With 4 concurrent decode tasks the decoder footprint is roughly 4x the single-stream number, about 304KB total (~79KB internal, ~218KB PSRAM), plus a 32KB stack per task. In this run free internal RAM bottomed out at 118,508 bytes. Decoder allocations land in PSRAM by default through the component's `heap_caps` allocators.

## Troubleshooting

| Problem | Solution |
| ------- | -------- |
| Watchdog timeout | Disable in menuconfig: Component config, ESP System Settings, Task Watchdog |
| Stack overflow | Increase task stack size (32KB default) |
| Allocation failures | Check PSRAM is enabled (`CONFIG_SPIRAM=y`); this example uses `CONFIG_SPIRAM_USE_CAPS_ALLOC=y` so PSRAM is reachable through `heap_caps` |
| Concurrent decode fails | Check each task has sufficient heap for decoder state |

## Technical Details

**Music Audio**: Beethoven Symphony No. 3 "Eroica", Op. 55, Movement I, 30s extract.

- Performer: Czech National Symphony Orchestra
- Source: [Musopen Collection](https://archive.org/details/MusopenCollectionAsFlac) on Archive.org
- License: Public Domain
- Format: Ogg Vorbis 48kHz stereo ~128kbit/s VBR
- Size: 452,876 bytes

**Decoder**: Tremor (integer-only Vorbis decoder from Xiph.Org Foundation)

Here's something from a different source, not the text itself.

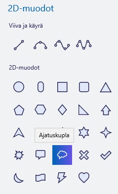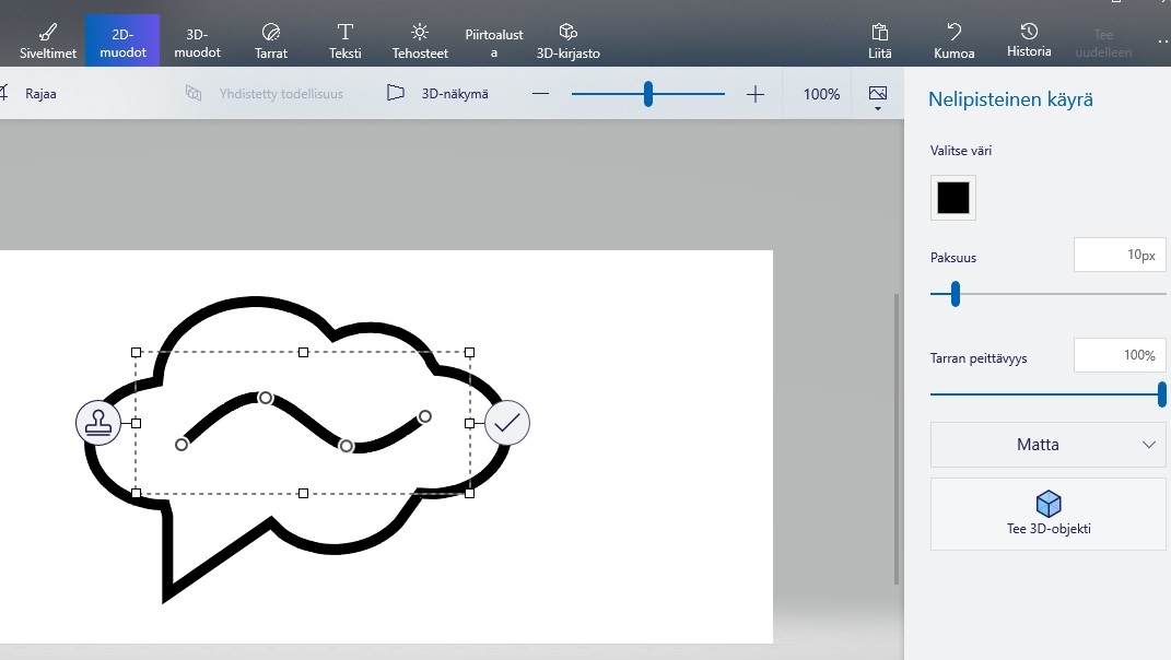 Yksinkertaisia 2D-muotoja on Paint 3D:ssa on saatavilla jo valmiina. Viiva- ja käyrätyökalujen ansiosta muotoilu on helppoa. Käyriä voi apunappien avulla säätää haluttuun muotoon. Klikkaamalla Tee 3D-objekti -painiketta saat tehtyä kaksiulotteisesta objektista kolmiulotteisen, sekä käänneltyä objektia eri kulmista katsottavaksi. 2D-muotoja voi yhdistää myös kolmiulotteisiin kuviin.

- Uses fixed-point arithmetic throughout (no floating-point operations)
- Designed for embedded systems without FPU
- Lower memory footprint than reference libvorbis

**Timing**: Uses `esp_timer_get_time()` for microsecond precision. Only measures `decoder.decode()` calls that produce samples.

## Performance Notes

- **Integer-only decoding**: Tremor uses fixed-point math exclusively. No floating-point option available.
- **PSRAM configuration**: The component overrides Tremor's allocation macros (see `src/tremor/custom_allocator.h`) with `heap_caps`-based functions, so memory placement is explicit and set by Kconfig rather than the libc malloc heap. With PSRAM enabled, decoder state defaults to PSRAM; codebook tables, which are hit with random access in the decode hot path, default to faster internal RAM. This example enables PSRAM with `CONFIG_SPIRAM_USE_CAPS_ALLOC=y`, which keeps PSRAM out of the regular malloc heap and reachable only through `heap_caps`.
- **Xtensa optimizations**: Uses `clamps` instruction for sample clipping on ESP32/ESP32-S2/ESP32-S3. Enabled automatically on Xtensa targets (compile-time `#ifdef __XTENSA__`).
- **Decoder-only**: Tremor is a decoder library only. No encoder equivalent exists.